In dit hypocriete theater ontbreekt de grote verantwoordelijkheid die de regeringspartijen zelf dragen. Want waar komen die frauduleuze praktijken met onderaannemers vandaan? De traditionele partijen hebben de bankschroef van de vermarkting op de openbare omroep jarenlang opgevoerd. De kijkcijferdruk is hoog, maar de VRT mag de concurrentie niet voor de voeten lopen. Ze moet eigen inkomsten maken, maar zuinig zijn met reclame en sponsordeals. Ze moet competitief zijn, maar succesformules aborteren omdat ze marktverstorend zijn.
De VRT moet een sterk bedrijf worden, maar wel opdrachten uitbesteden aan externe toeleveranciers om de audiovisuele economie aan te zwengelen. Dat geld gaat naar Europese multinationals – productiebedrijven zoals Videohouse en Zodiak – eerder dan Belgische start-ups. Ze moet aan publieke dienstverlening doen, maar ook een marktconforme speler zijn. Ze moet efficiënt zijn, maar ook een melkkoe voor de markt – met een bovengrens van 43 procent tot gevolg, van wat je aan eigen personeel mag besteden. De omroep zit in een keurslijf van politieke controle, zeg maar vriendjespolitiek.
Het probleem? Privatisering
Dat de top van de VRT meer krantenkoppen haalt dan de kwalitatieve programma’s van de omroep, is veelzeggend. Ook De NMBS, De Lijn of De Post ondergaan iets gelijkaardigs.

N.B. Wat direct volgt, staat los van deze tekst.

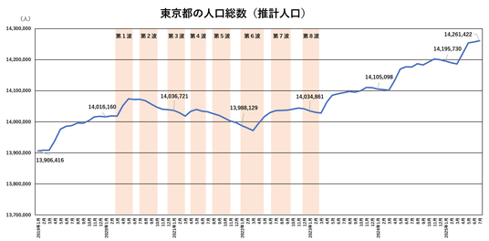 出典:東京都「東京都の人口(推計)」(各月1日現在の推計)をもとにGLMが作成

De klassieke weg naar privatisering: maak dat publiek bezit een slecht imago krijgt. Dan lijken private aandeelhoudersbedrijven de oplossing. Dat er dan geen alternatief voor de markt meer is, dat de kosten dan omhoog gaan en de kwaliteit omlaag, zullen de gebruikers pas later merken. Na de volgende verkiezingen.
Duurdere prijzen voor minder kwaliteit is bovendien niet het enige nadeel van privatisering. Private bedrijven kan je bijvoorbeeld ook niet aansprakelijk houden, hun werking zit verstopt onder het beroepsgeheim. Dat merken we nu ook bij deze audit: grote budgetten die toebedeeld worden aan externe opdrachten, maar daar is amper controle op. Bij een publieke dienst hebben we democratisch medezeggenschap, of dat zou toch zo moeten zijn als de regering haar verantwoordelijkheid neemt, en kunnen we een beleid voeren dat de ongelijkheid aanpakt: universele en emanciperende dienstverlening.
Private bedrijven focussen daarentegen enkel op wie het beste kan betalen, zo eindigen we in de monocultuur van de rijkere middenklasse. Als je private samenwerking toelaat, dan instaleer je bovendien een fragmentering van de economische bedrijvigheid in allerhande afzonderlijke, dikwijls onstabiele bedrijven die weinig flexibel zijn omdat ze aan de wetten van concurrentie en winst moeten voldoen. Bovendien zijn deze bedrijven maar geïnteresseerd in samenwerking voor zover er iets te winnen valt: ze doen aan cherry picking, lucratieve deals meepikken, maar dat wat geld kost is dan voor rekening van de overheid.
De politiek van vermarkting en privatisering van de voorbije jaren, dat wanbeleid is het echte schandaal. Daar zijn de Vlaamse mediagebruikers en belastingbetalers het slachtoffer van. En het personeel, dat daar ook toe behoort. Laat de audit een reden zijn om bij de volgende beheersovereenkomst de privatisering met al zijn ontsporingen terug te draaien en van de VRT weer een veerkrachtige publieke dienst te maken. De coronacrisis mag sowieso geen vrijgeleide zijn om alweer geld uit te delen aan banken en grote bedrijven. Investeer ons belastinggeld in onze publieke dienstverlening. We Own it!